**WHAT THE TASK ASKS**
All lines from the one containing "Dominantním prvkem stolu" through the final line of the listing below, and no others, must be returned exactly; no pictures belong in the copy.
____________________
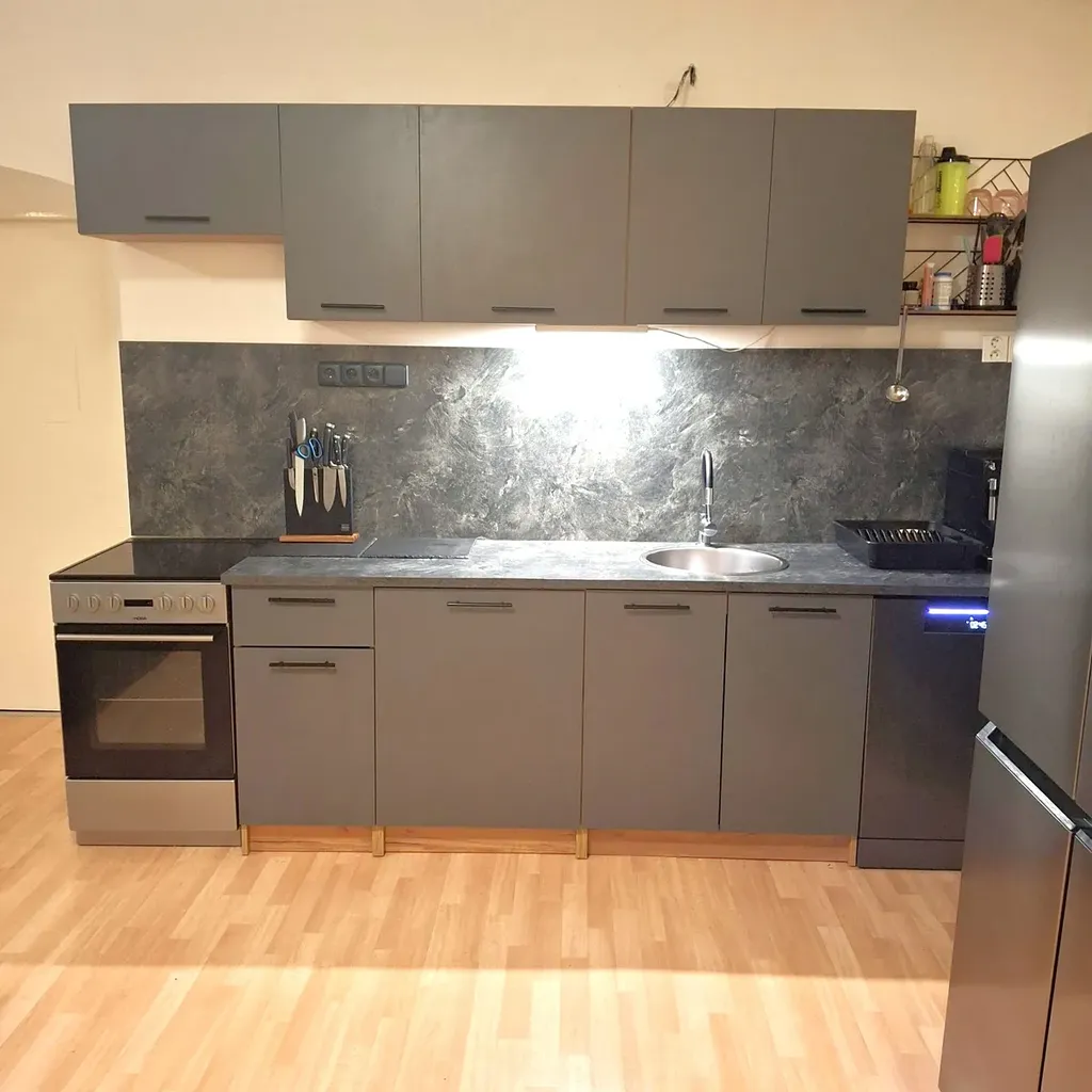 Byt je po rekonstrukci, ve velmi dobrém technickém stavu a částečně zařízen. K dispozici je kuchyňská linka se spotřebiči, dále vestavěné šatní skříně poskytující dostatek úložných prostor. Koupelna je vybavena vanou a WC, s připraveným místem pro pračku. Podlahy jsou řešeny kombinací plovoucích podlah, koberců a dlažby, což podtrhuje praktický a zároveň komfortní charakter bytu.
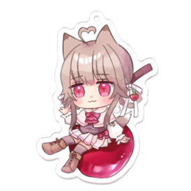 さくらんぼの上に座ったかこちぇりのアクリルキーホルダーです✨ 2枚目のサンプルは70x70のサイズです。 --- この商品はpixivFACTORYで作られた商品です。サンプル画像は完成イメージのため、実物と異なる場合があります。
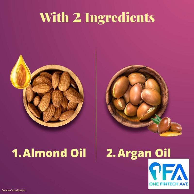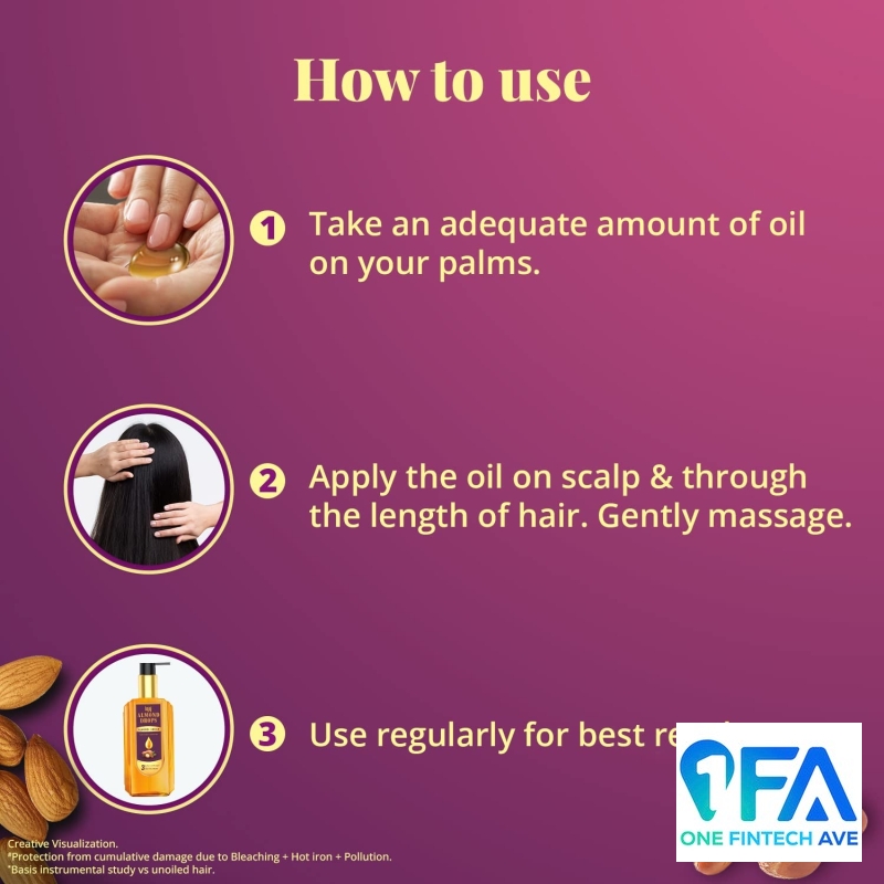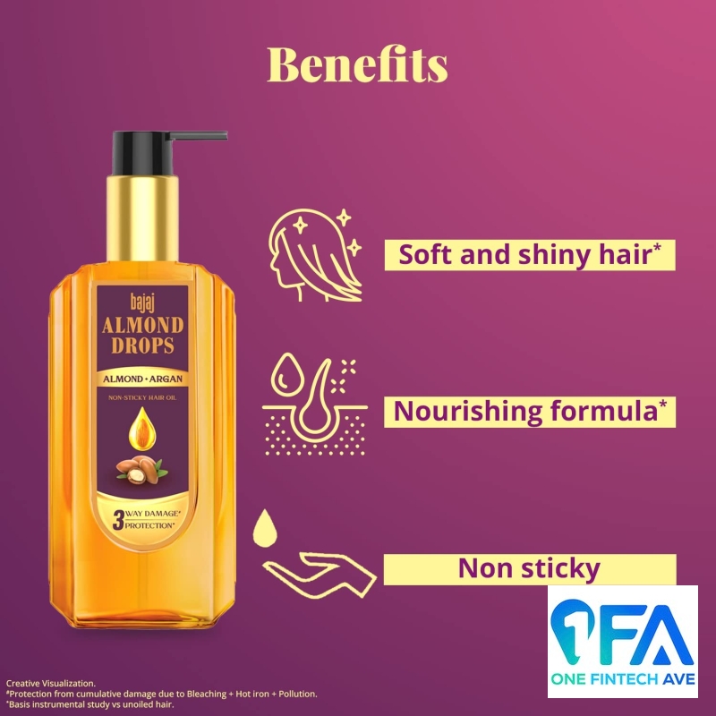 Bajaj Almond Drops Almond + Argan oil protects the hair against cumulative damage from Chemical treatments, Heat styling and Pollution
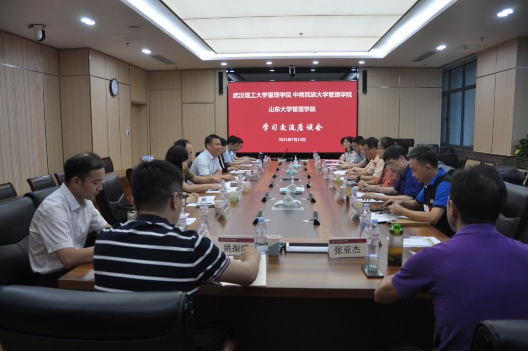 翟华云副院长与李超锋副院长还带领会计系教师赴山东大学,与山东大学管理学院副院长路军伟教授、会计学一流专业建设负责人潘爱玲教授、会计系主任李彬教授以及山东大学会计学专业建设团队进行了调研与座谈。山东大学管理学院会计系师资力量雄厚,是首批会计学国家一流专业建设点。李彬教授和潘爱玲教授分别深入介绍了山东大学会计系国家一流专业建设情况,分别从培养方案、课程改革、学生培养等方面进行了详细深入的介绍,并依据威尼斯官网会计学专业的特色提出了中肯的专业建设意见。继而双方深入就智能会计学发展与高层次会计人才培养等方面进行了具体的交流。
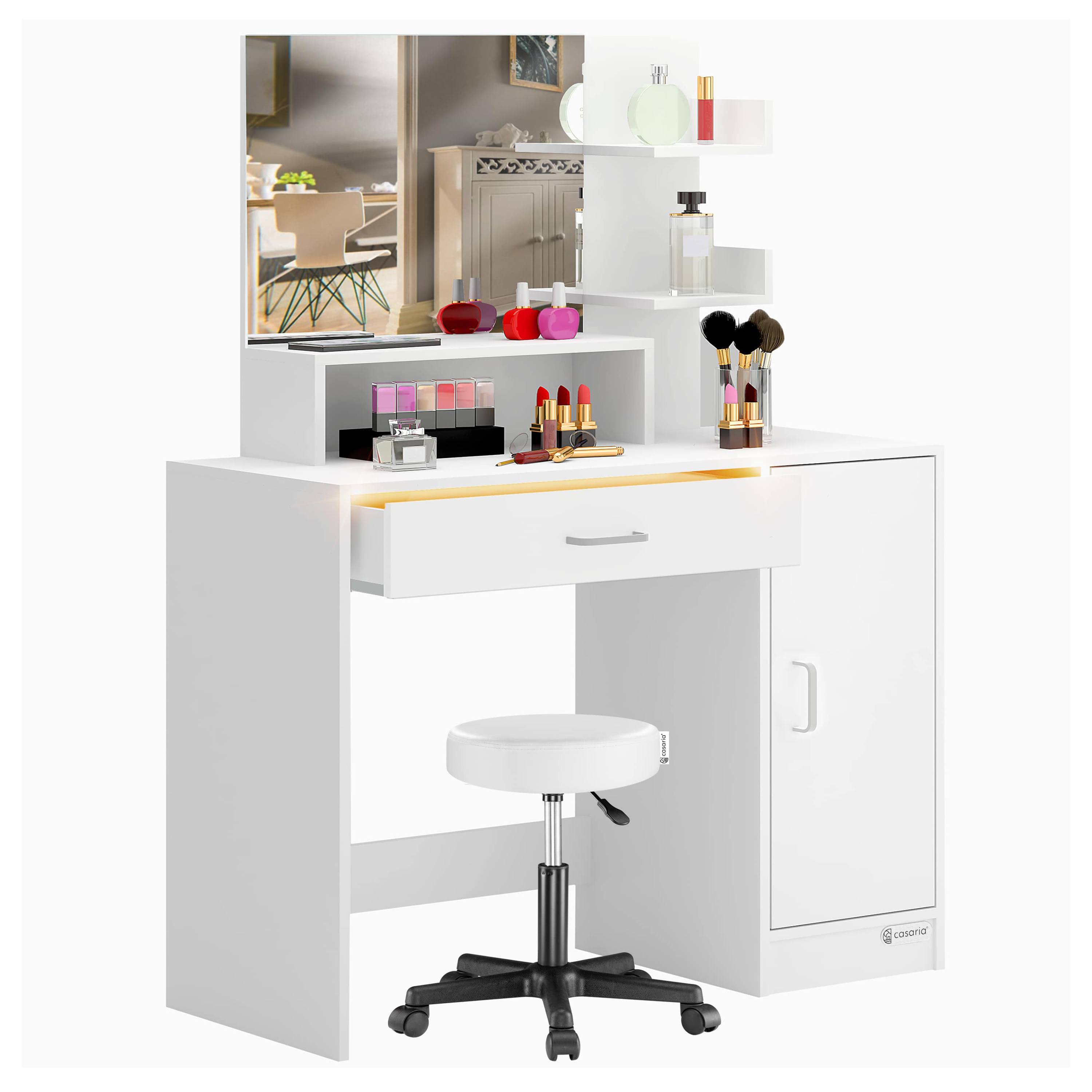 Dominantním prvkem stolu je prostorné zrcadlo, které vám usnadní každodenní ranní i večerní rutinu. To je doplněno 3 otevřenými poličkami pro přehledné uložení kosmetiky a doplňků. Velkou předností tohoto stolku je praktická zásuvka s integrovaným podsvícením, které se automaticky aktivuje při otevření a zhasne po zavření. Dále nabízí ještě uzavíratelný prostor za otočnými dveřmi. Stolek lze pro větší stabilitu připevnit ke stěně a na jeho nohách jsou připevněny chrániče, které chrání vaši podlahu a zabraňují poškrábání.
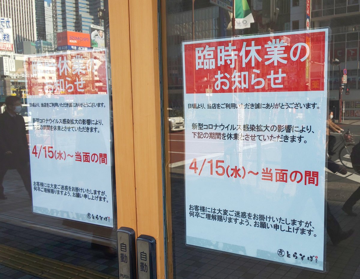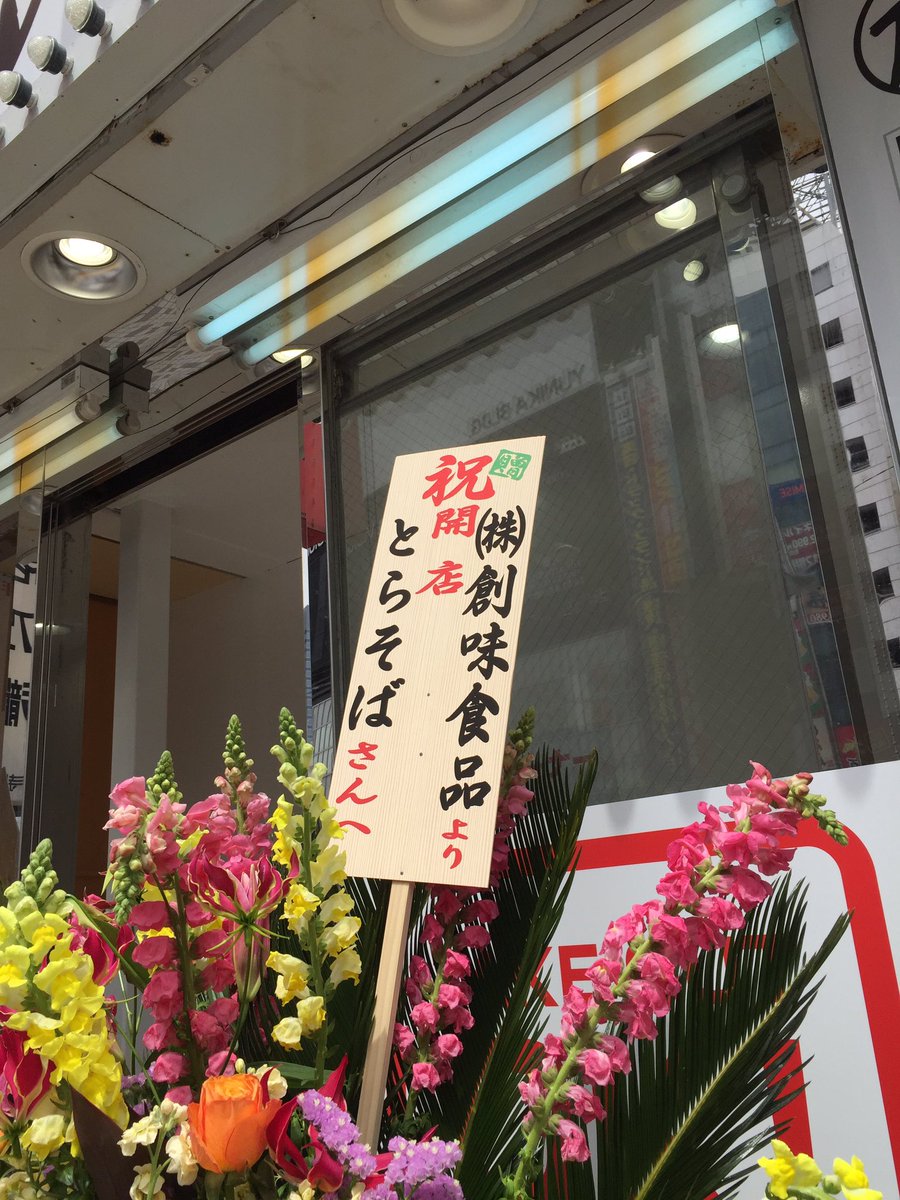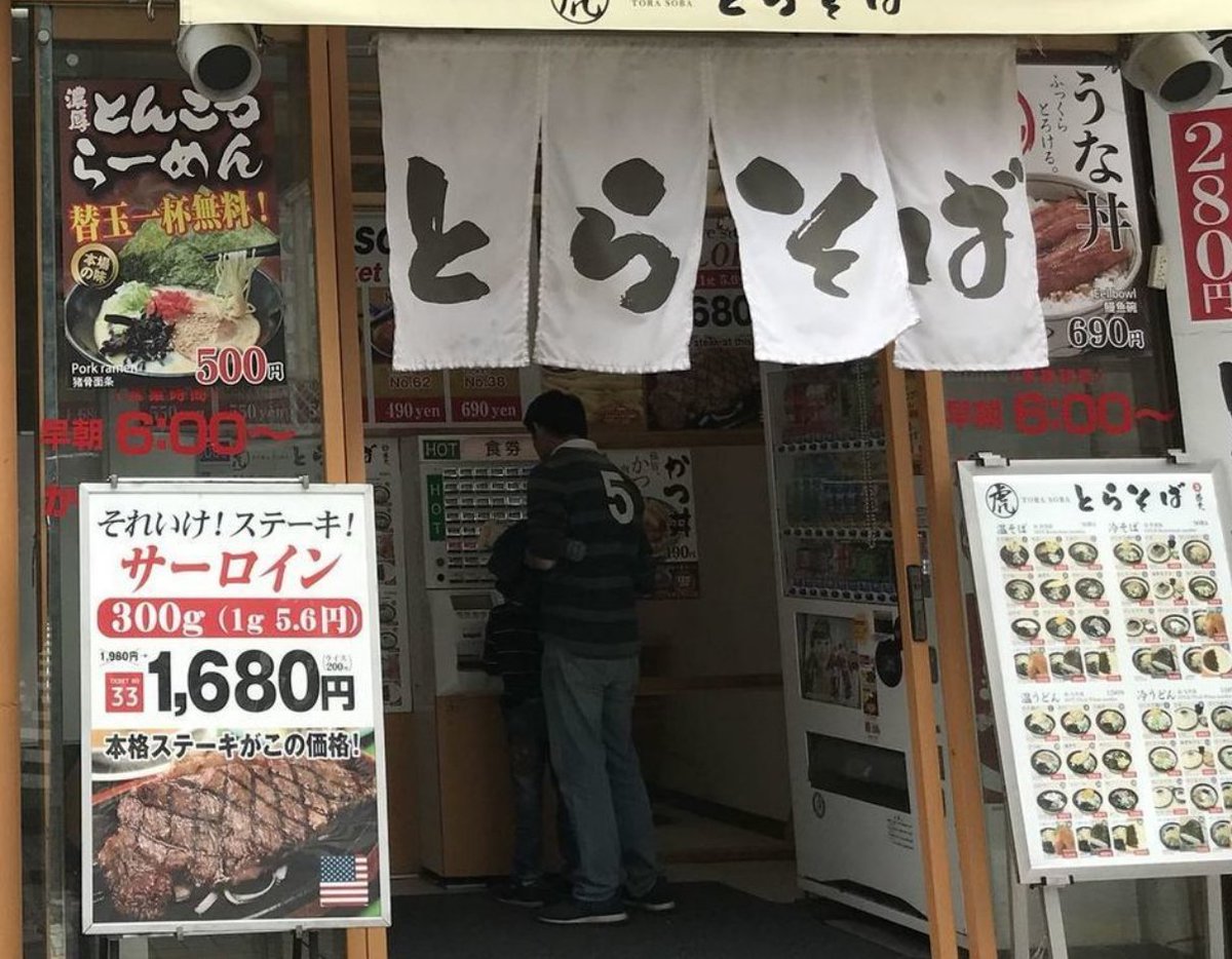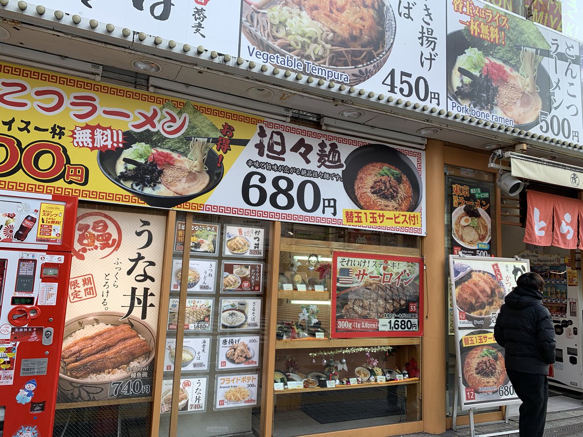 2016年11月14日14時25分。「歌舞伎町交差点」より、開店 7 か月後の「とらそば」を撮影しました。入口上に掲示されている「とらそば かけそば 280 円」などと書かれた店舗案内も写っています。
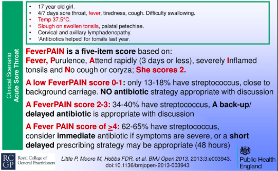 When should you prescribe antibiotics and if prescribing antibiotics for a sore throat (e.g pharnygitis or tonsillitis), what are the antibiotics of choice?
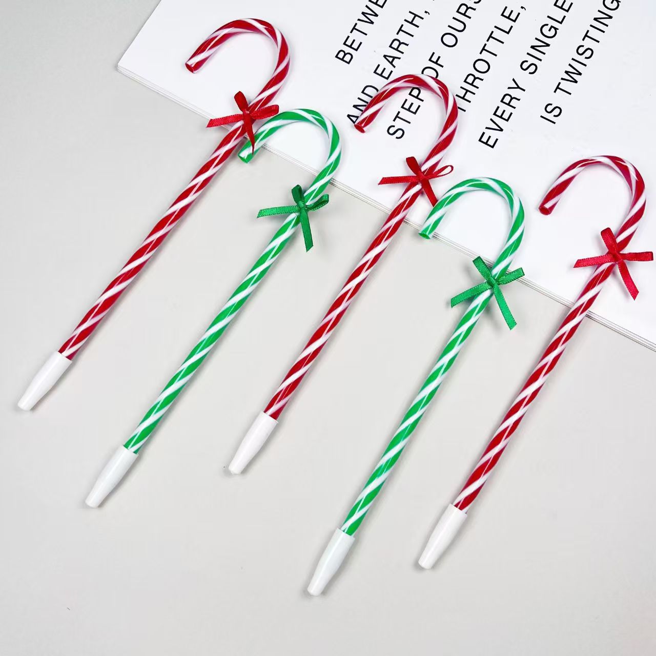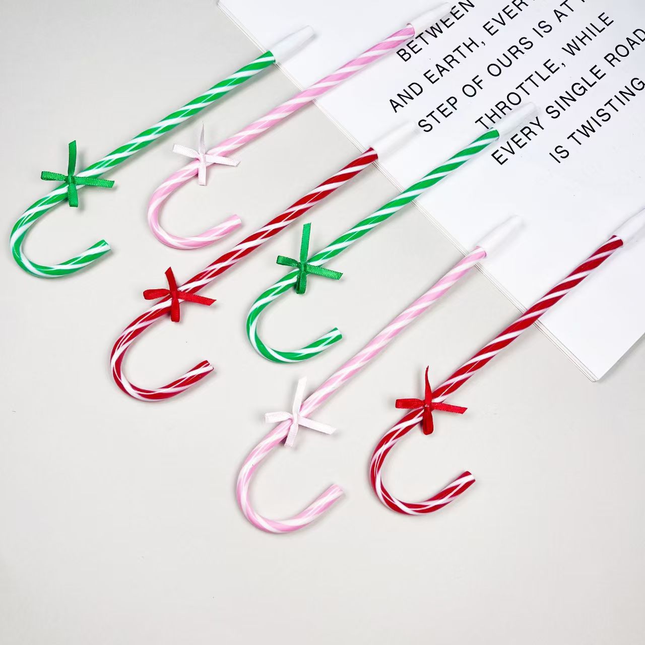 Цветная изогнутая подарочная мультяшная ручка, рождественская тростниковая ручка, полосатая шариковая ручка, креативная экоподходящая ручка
____________________
**RESPONSE TO THE EXERCISE**
 Dominantním prvkem stolu je prostorné zrcadlo, které vám usnadní každodenní ranní i večerní rutinu. To je doplněno 3 otevřenými poličkami pro přehledné uložení kosmetiky a doplňků. Velkou předností tohoto stolku je praktická zásuvka s integrovaným podsvícením, které se automaticky aktivuje při otevření a zhasne po zavření. Dále nabízí ještě uzavíratelný prostor za otočnými dveřmi. Stolek lze pro větší stabilitu připevnit ke stěně a na jeho nohách jsou připevněny chrániče, které chrání vaši podlahu a zabraňují poškrábání.
 2016年11月14日14時25分。「歌舞伎町交差点」より、開店 7 か月後の「とらそば」を撮影しました。入口上に掲示されている「とらそば かけそば 280 円」などと書かれた店舗案内も写っています。
 When should you prescribe antibiotics and if prescribing antibiotics for a sore throat (e.g pharnygitis or tonsillitis), what are the antibiotics of choice?
 Цветная изогнутая подарочная мультяшная ручка, рождественская тростниковая ручка, полосатая шариковая ручка, креативная экоподходящая ручка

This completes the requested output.